ACTIVITY:
Below are some records. Return exactly the lines from the one with "(a) is the left" to the one with "März 1995. eine", and nothing else.

Start of SOURCE RECORDS

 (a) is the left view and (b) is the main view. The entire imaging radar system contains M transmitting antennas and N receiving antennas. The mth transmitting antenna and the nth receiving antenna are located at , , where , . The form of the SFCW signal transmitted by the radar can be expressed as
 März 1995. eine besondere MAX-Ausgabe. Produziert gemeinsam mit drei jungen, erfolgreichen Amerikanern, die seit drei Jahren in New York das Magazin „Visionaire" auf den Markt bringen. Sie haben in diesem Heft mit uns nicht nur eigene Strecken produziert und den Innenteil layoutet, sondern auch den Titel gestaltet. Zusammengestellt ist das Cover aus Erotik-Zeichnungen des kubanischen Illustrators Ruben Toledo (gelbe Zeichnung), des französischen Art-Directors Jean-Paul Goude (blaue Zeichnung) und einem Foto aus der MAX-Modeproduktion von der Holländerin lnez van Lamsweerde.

End of SOURCE RECORDS
Start of SOURCE RECORDS

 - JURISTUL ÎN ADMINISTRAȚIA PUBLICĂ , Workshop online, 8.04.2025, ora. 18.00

End of SOURCE RECORDS
Start of SOURCE RECORDS

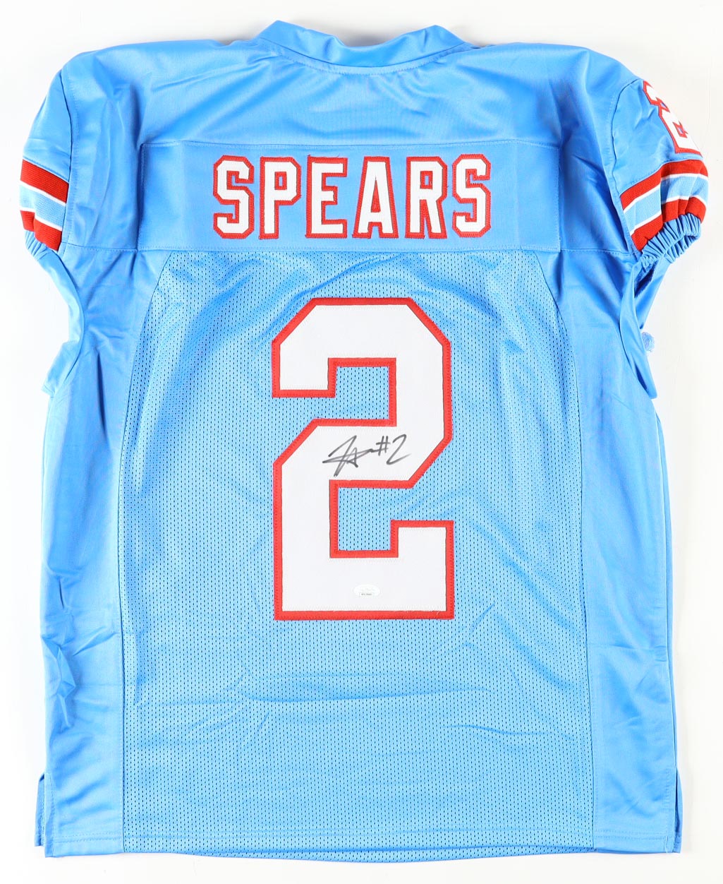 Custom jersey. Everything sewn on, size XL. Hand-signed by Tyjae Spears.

End of SOURCE RECORDS

WORKED SOLUTION:
 (a) is the left view and (b) is the main view. The entire imaging radar system contains M transmitting antennas and N receiving antennas. The mth transmitting antenna and the nth receiving antenna are located at , , where , . The form of the SFCW signal transmitted by the radar can be expressed as
 März 1995. eine besondere MAX-Ausgabe. Produziert gemeinsam mit drei jungen, erfolgreichen Amerikanern, die seit drei Jahren in New York das Magazin „Visionaire" auf den Markt bringen. Sie haben in diesem Heft mit uns nicht nur eigene Strecken produziert und den Innenteil layoutet, sondern auch den Titel gestaltet. Zusammengestellt ist das Cover aus Erotik-Zeichnungen des kubanischen Illustrators Ruben Toledo (gelbe Zeichnung), des französischen Art-Directors Jean-Paul Goude (blaue Zeichnung) und einem Foto aus der MAX-Modeproduktion von der Holländerin lnez van Lamsweerde.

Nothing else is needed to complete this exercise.